- _About this task_: For the material that follows, return exactly the lines from the one with "Como se observan" through the one with "- ↑ 38.0 38.1", both ends included.
[Source material Boundary: Start]
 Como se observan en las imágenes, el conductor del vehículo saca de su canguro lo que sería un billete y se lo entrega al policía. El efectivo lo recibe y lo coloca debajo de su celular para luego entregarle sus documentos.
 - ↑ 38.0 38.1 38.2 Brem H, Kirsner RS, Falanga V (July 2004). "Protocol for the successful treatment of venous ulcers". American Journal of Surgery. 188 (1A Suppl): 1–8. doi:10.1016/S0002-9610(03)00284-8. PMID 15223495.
[Source material Boundary: End]
[Source material Boundary: Start]
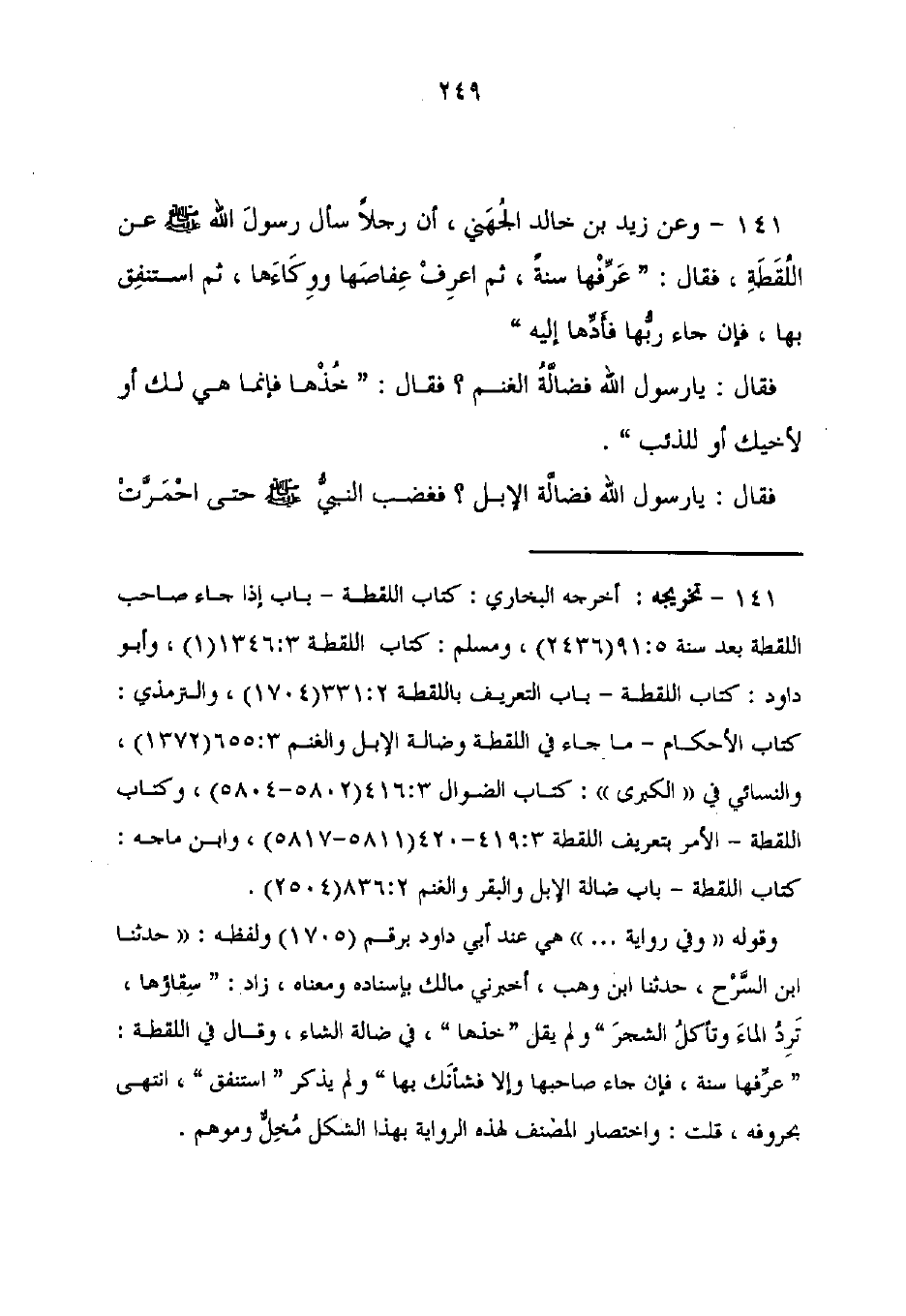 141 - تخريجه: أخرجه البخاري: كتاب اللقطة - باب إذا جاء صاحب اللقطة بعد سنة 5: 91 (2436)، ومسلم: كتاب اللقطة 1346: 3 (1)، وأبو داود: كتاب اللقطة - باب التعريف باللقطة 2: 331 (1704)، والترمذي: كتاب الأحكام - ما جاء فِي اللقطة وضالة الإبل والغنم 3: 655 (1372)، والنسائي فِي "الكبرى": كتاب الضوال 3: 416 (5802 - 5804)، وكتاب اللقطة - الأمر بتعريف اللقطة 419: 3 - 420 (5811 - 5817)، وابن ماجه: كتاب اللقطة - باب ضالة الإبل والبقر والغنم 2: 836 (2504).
[Source material Boundary: End]
- _Output below_:
 Como se observan en las imágenes, el conductor del vehículo saca de su canguro lo que sería un billete y se lo entrega al policía. El efectivo lo recibe y lo coloca debajo de su celular para luego entregarle sus documentos.
 - ↑ 38.0 38.1 38.2 Brem H, Kirsner RS, Falanga V (July 2004). "Protocol for the successful treatment of venous ulcers". American Journal of Surgery. 188 (1A Suppl): 1–8. doi:10.1016/S0002-9610(03)00284-8. PMID 15223495.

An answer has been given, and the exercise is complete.